=== Data section ===
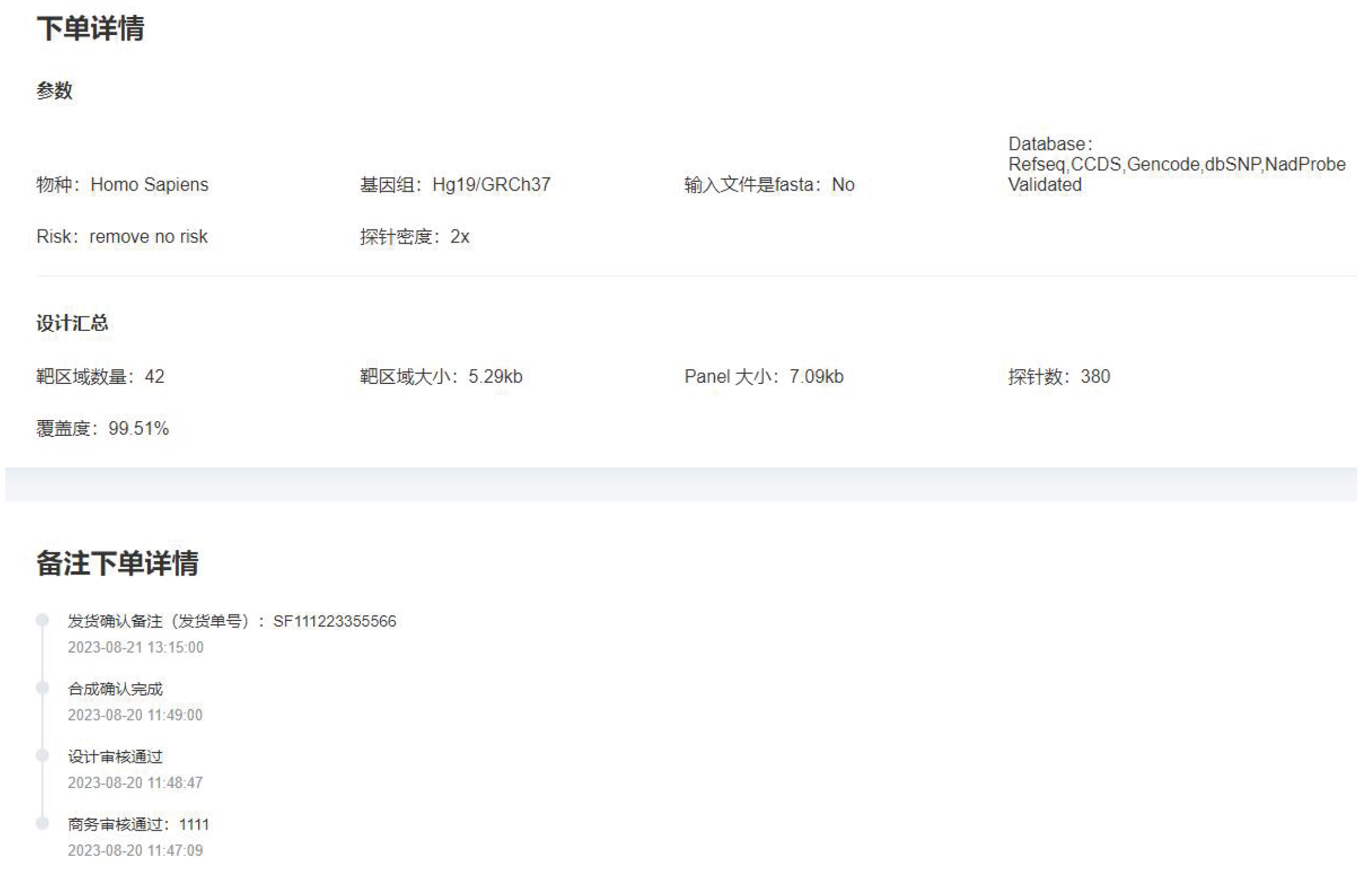 03 复制设计升级 为高效重复使用已完成的设计订单,此次升级特别优化了复制设计功能。点击“复制设计”按钮 (见设计列表和下单列表示意图),系统将自动复制出与原设计参数完全相同的全新设计订单,用户可以轻松地创建相同的设计。 此外,新版设计系统还引入了“上一步”按钮,点击可返回到上一步,自由调整设计参数,灵活修改以满足个性化的需求。 04 新增 fasta 格式输入的风险探针评估功能 对于 Level 3 及以上的用户,若以 fasta 格式文件作为探针设计的输入,设计结果将经过探针风险评估,提示相关的 fasta 探针风险。 05 外部 API 接口全新加入探针设计更灵活 为了满足用户的需求,我们为【XCapert 探针设计平台】提供了 API 接口。现在,用户可通过网站账户登录,借助 API 访问提交输入文件进行探针设计。此 API 接口使用户能更轻松、迅速进行探针设计,获取探针订单状态信息,免除额外操作步骤。我们将持续优化此功能,确保用户轻松获得所需探针设计。 以上即为本次【XCapert 探针设计平台】升级更新的全部内容。非常期待您来体验这些新功能!不论您是探针设计领域专家还是初学者,我们提供更便捷、优化的工具和接口,以满足您的需求。快来尝试一下吧,让我们共同体验更高效、更创新的探针设计平台!如有任何问题或意见,随时欢迎您的反馈。
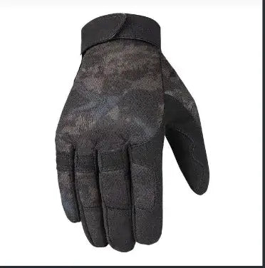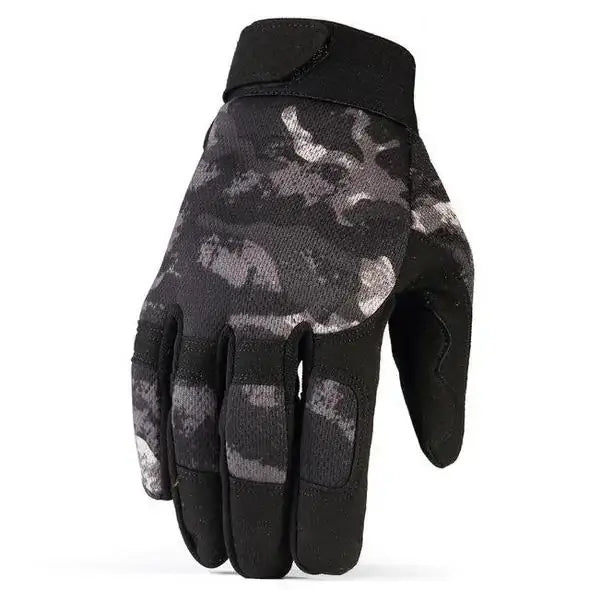 Black camo OPZ Tactical Gloves for precision, durability, and grip, ideal for military and paintball use.
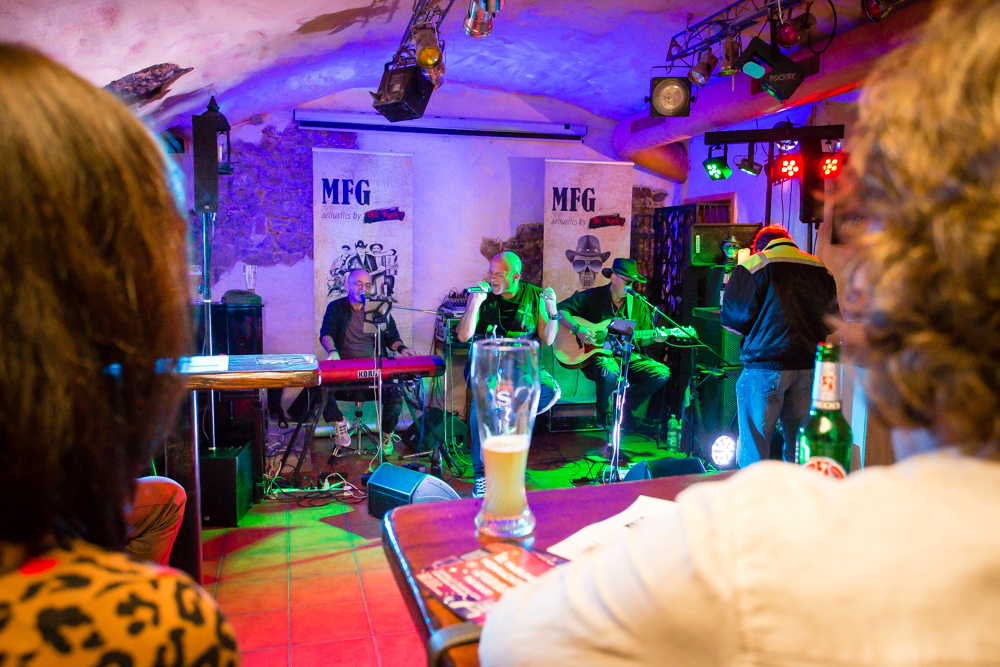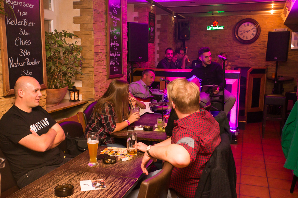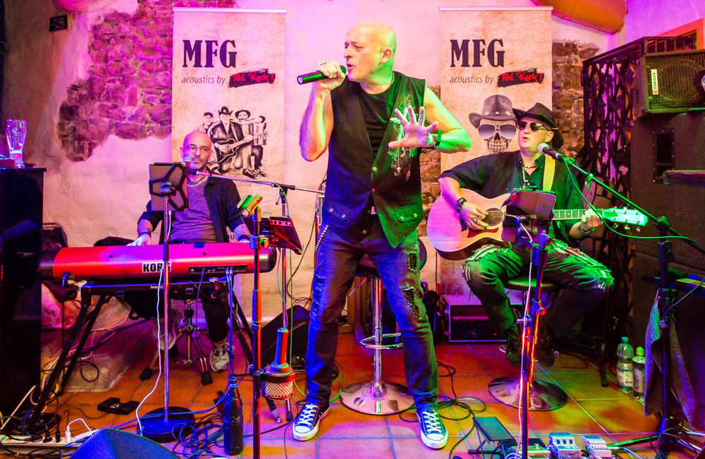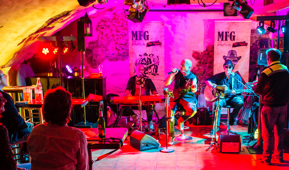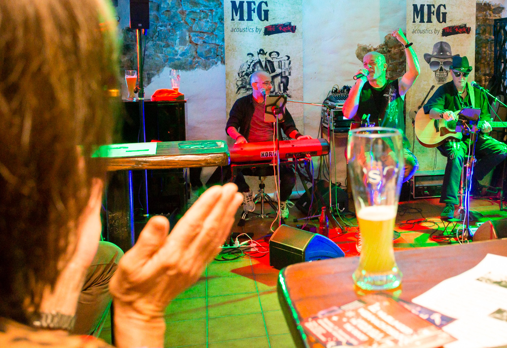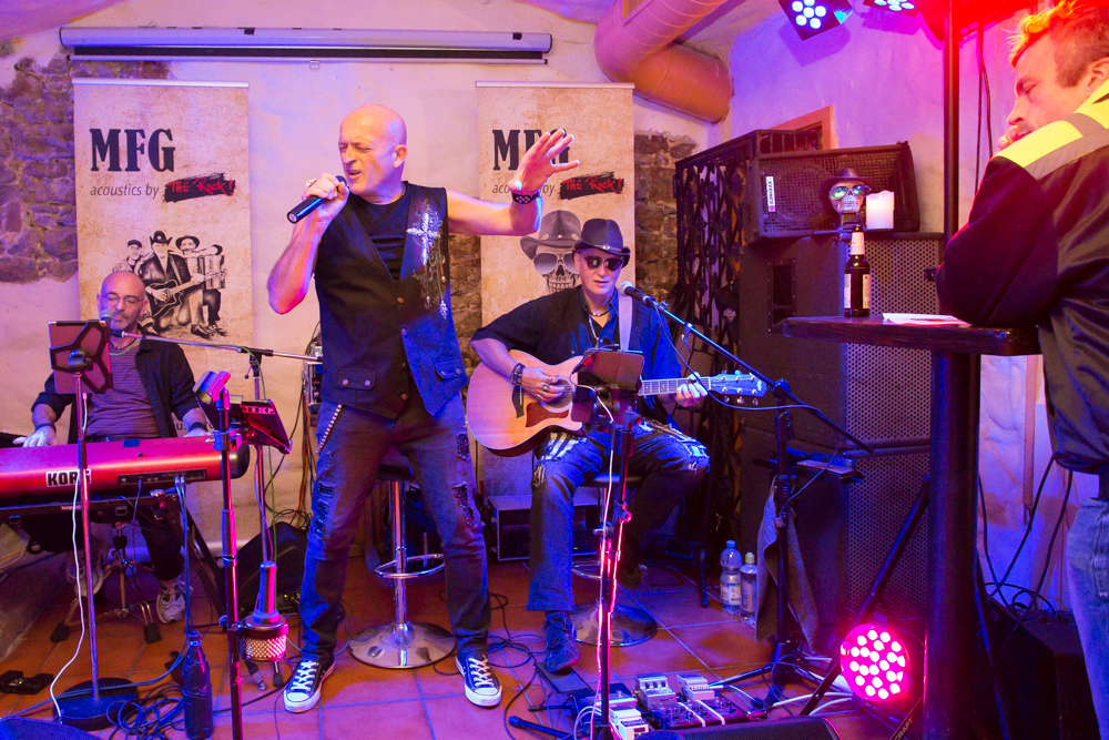 Mit jeder Kneipe weiter in die Altstadt hinein wird’s grooviger und rockiger. In der Brasserie Sonne sind die Örtlichkeiten für zwei Bands gegeben und das wird gern genutzt: Im Gewölbekeller spielt MFG (Metzger, Fuhrmann, Golzem), die abgespeckte Version von „The Rock“. Eine Akustikformation der Waiblinger Hardrockband „The Rock“. Ein Kind, das eher aus der Not geboren wurde, erklärt Leadsänger Martin Metzger, denn zu den Freitagsproben war der Schlagzeuger, ein Feuerwehrmann, oft verhindert.

=== Task ===
Give back each line above verbatim, dropping every picture.

=== Answer area ===
 03 复制设计升级 为高效重复使用已完成的设计订单,此次升级特别优化了复制设计功能。点击“复制设计”按钮 (见设计列表和下单列表示意图),系统将自动复制出与原设计参数完全相同的全新设计订单,用户可以轻松地创建相同的设计。 此外,新版设计系统还引入了“上一步”按钮,点击可返回到上一步,自由调整设计参数,灵活修改以满足个性化的需求。 04 新增 fasta 格式输入的风险探针评估功能 对于 Level 3 及以上的用户,若以 fasta 格式文件作为探针设计的输入,设计结果将经过探针风险评估,提示相关的 fasta 探针风险。 05 外部 API 接口全新加入探针设计更灵活 为了满足用户的需求,我们为【XCapert 探针设计平台】提供了 API 接口。现在,用户可通过网站账户登录,借助 API 访问提交输入文件进行探针设计。此 API 接口使用户能更轻松、迅速进行探针设计,获取探针订单状态信息,免除额外操作步骤。我们将持续优化此功能,确保用户轻松获得所需探针设计。 以上即为本次【XCapert 探针设计平台】升级更新的全部内容。非常期待您来体验这些新功能!不论您是探针设计领域专家还是初学者,我们提供更便捷、优化的工具和接口,以满足您的需求。快来尝试一下吧,让我们共同体验更高效、更创新的探针设计平台!如有任何问题或意见,随时欢迎您的反馈。
 Black camo OPZ Tactical Gloves for precision, durability, and grip, ideal for military and paintball use.
 Mit jeder Kneipe weiter in die Altstadt hinein wird’s grooviger und rockiger. In der Brasserie Sonne sind die Örtlichkeiten für zwei Bands gegeben und das wird gern genutzt: Im Gewölbekeller spielt MFG (Metzger, Fuhrmann, Golzem), die abgespeckte Version von „The Rock“. Eine Akustikformation der Waiblinger Hardrockband „The Rock“. Ein Kind, das eher aus der Not geboren wurde, erklärt Leadsänger Martin Metzger, denn zu den Freitagsproben war der Schlagzeuger, ein Feuerwehrmann, oft verhindert.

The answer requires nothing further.